Song by Life
- B-side: "Ain't I Told You Before"
- Released: 1969
- Label: Polydor
- Songwriter: Neil Sheppard
- Producer: Neil Sheppard

Life singles chronology
|  | "Hands of the Clock" (1969) | "Sweet Lovin'" (1969) |

= Hands of the Clock =

"Hands of the Clock" was a hit for Canadian band Life in 1969. It was written and produced by Neil Sheppard.

==Background==
The group's debut single, "Hands of the Clock" bw "Ain't I Told You Before" was released on Polydor 540.009 in 1969. Both sides were written by Neil Sheppard. With a strong response to the single in the United States, it was noted in the September, 1969 issue of Billboard that it would be released in England on Polydor.

==Charts==
The single was in the Recommended Canadian Content section of RPM Weekly on May 26. It was also picking up in Montreal and Ontario. By June 9 it was charting, having just entered the Canadian Content Chart at #9. It also made its entry into the RPM100 Chart at the #100 spot.
By July 14, the group appeared on the RPM Weekly cover. Their single was also at its second week at #4 on the RPM Canadian Content Chart. It had also moved up from #48 to #43 on the RPM100 Chart.

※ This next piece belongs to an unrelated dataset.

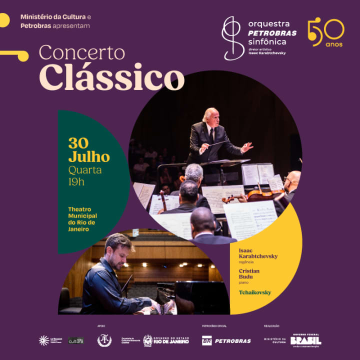 No dia 30 de julho, quarta, às 19h, a Petrobras Sinfônica, sob a direção artística de Isaac Karabtchevsky, recebe o pianista Cristian Budu para um concerto especial. No programa, duas das mais expressivas obras de Tchaikovsky: o emocionante “Concerto para piano e orquestra nº 1”, com solos de Budu, e a imponente “Sinfonia nº 5 em mi menor”. Uma oportunidade única para vivenciar a força e a beleza da música sinfônica ao vivo.

Stateside it was making some progress and Billboard wrote in the August 2 issue that "Hands of the Clock" by Life, "Laughing" by The Guess Who and "When I Die" by Motherlode were three Canadian produced singles that were either in the Billboard "Hot Hundred" or "Bubbling Under".

The song eventually got to #19 on Canada's RPM chart.